XRD of Suwannee River NOM–hectorite (a smectite clay) complexes
shows that the humic and fulvic components of NOM bind predominantly
at the external surfaces of packets of smectite platelets rather than
in the interlayer slit pores, suggesting that the key behavior governing
smectite–NOM interactions takes place in mesopores between
smectite particles. New molecular dynamics modeling of a ∼110
Å H2O-saturated smectite mesopore at near-neutral
pH shows that model NOM molecules initially form small clusters of
2–3 NOM molecules near the center of the pore fluid. Formation
of these clusters is driven by the hydrophobic mechanism, where aromatic/aliphatic
regions associate with one another to minimize their interactions
with H2O, and charge-balancing cations associated with
the deprotonated carboxylate sites are located only at the outer surface
of these clusters. Despite hydrophobicity driving the initial clustering,
NOM clusters are formed more quickly when high-charge-density cations
like Ca2+ are present vs low-charge-density cations like
Cs+, as the former cations more effectively minimize the
electrostatic repulsions between the negatively charged NOM molecules.

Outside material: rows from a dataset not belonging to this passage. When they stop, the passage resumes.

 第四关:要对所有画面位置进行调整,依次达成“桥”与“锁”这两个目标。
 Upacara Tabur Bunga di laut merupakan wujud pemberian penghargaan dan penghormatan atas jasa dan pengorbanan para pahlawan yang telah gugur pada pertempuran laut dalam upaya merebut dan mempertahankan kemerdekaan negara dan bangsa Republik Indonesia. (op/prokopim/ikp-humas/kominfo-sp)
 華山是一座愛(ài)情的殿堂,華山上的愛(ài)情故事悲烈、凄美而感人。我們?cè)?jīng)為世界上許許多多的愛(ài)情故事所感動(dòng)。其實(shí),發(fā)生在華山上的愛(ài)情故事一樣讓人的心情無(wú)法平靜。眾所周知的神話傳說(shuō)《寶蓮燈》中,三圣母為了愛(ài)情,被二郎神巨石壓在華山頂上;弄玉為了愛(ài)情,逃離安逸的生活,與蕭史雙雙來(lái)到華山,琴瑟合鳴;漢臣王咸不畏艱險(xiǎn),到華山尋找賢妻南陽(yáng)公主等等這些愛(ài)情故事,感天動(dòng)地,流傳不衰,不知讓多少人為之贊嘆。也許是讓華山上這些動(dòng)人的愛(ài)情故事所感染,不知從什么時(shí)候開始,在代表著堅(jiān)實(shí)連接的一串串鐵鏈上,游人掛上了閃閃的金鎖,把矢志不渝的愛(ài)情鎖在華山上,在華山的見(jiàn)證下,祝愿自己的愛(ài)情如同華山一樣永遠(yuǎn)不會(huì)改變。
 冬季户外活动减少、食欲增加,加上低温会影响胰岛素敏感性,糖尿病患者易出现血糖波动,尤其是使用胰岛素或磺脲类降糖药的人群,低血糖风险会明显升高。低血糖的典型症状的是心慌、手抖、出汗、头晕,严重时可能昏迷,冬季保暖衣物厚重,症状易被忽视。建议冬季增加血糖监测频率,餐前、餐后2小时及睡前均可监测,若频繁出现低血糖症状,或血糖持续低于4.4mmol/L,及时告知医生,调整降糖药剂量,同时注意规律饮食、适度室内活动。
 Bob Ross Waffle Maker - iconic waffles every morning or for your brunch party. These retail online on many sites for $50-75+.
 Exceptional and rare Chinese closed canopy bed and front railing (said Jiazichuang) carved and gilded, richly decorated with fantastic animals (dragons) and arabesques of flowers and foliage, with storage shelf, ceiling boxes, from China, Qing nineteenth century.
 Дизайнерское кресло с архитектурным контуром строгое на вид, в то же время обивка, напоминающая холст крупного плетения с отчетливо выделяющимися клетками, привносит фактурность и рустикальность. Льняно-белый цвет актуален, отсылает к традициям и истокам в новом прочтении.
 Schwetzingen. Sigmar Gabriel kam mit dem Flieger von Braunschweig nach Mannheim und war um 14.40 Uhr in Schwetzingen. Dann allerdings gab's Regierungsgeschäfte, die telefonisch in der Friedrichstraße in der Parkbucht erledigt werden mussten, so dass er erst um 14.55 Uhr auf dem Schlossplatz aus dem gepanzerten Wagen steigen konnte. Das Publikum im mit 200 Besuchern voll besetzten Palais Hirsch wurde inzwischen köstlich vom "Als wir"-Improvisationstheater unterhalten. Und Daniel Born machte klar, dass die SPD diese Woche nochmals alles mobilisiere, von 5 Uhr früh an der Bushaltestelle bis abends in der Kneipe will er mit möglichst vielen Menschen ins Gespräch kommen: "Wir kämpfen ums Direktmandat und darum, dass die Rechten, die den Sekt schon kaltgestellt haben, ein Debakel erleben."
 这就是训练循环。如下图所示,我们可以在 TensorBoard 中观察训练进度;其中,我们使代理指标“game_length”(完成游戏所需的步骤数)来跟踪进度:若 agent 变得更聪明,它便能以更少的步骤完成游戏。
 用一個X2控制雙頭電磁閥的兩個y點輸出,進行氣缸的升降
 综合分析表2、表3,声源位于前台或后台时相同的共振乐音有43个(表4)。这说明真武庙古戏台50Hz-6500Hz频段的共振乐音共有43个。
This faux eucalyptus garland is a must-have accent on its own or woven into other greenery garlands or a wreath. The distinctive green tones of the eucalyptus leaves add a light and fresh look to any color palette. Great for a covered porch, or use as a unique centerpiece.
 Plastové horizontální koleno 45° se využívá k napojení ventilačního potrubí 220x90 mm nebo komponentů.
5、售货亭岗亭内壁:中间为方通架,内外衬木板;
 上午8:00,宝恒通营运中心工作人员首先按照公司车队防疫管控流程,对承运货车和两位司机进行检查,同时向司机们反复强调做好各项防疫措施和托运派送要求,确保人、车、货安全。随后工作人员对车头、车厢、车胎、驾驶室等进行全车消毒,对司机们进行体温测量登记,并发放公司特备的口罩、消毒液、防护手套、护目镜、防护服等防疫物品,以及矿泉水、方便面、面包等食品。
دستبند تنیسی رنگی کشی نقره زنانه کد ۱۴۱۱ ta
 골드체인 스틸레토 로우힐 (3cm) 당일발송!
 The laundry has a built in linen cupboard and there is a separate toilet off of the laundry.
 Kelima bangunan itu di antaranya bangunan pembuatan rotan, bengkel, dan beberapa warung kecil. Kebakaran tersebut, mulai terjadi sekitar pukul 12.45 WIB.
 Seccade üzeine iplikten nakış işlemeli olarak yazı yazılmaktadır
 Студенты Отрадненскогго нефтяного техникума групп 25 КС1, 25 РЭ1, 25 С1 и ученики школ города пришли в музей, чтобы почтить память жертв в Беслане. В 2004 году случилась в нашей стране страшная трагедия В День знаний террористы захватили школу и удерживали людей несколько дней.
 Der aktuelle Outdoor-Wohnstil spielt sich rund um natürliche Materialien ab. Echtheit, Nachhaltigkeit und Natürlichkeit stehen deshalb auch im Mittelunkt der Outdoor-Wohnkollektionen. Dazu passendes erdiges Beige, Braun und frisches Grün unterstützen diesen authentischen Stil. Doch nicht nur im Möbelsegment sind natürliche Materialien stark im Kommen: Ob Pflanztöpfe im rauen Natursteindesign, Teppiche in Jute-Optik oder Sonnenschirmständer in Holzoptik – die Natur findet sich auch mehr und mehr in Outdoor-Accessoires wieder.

Once the small hydrophobicity-driven NOM clusters form, the simulations
show that Ca2+ promotes the aggregation of NOM clusters
through tetradentate Ca2+ bridges involving carboxylate
groups on two different NOM clusters. Importantly, our studies indicate
that Ca2+ plays a crucial role in binding the NOM clusters
to the smectite surface, which occurs through multiple quaternary
complexes (Ob)–H2O–Ca2+–COO‑
NOM. In contrast, Cs+ never forms any coordination or acts like bridges between
NOM molecules nor as ion bridges to the smectite surface. Additionally,
we observe the formation of a metastable superaggregate involving
all 16 NOM molecules several times in a Ca2+-bearing mesopore
fluid. Superaggregates are never observed in the simulations involving
Cs+. The modeling results are fully consistent with helium
ion microscope images of NOM–hectorite complexes suggesting
that NOM surface films develop when preformed NOM clusters interact
with smectite surfaces. Overall, the binding of NOM clusters to the
outer surfaces of smectite particles and the formation of large NOM
aggregates at neutral pH occur through cation bridging, and cation
bridging only occurs when high-charge-density cations like Ca2+ are present.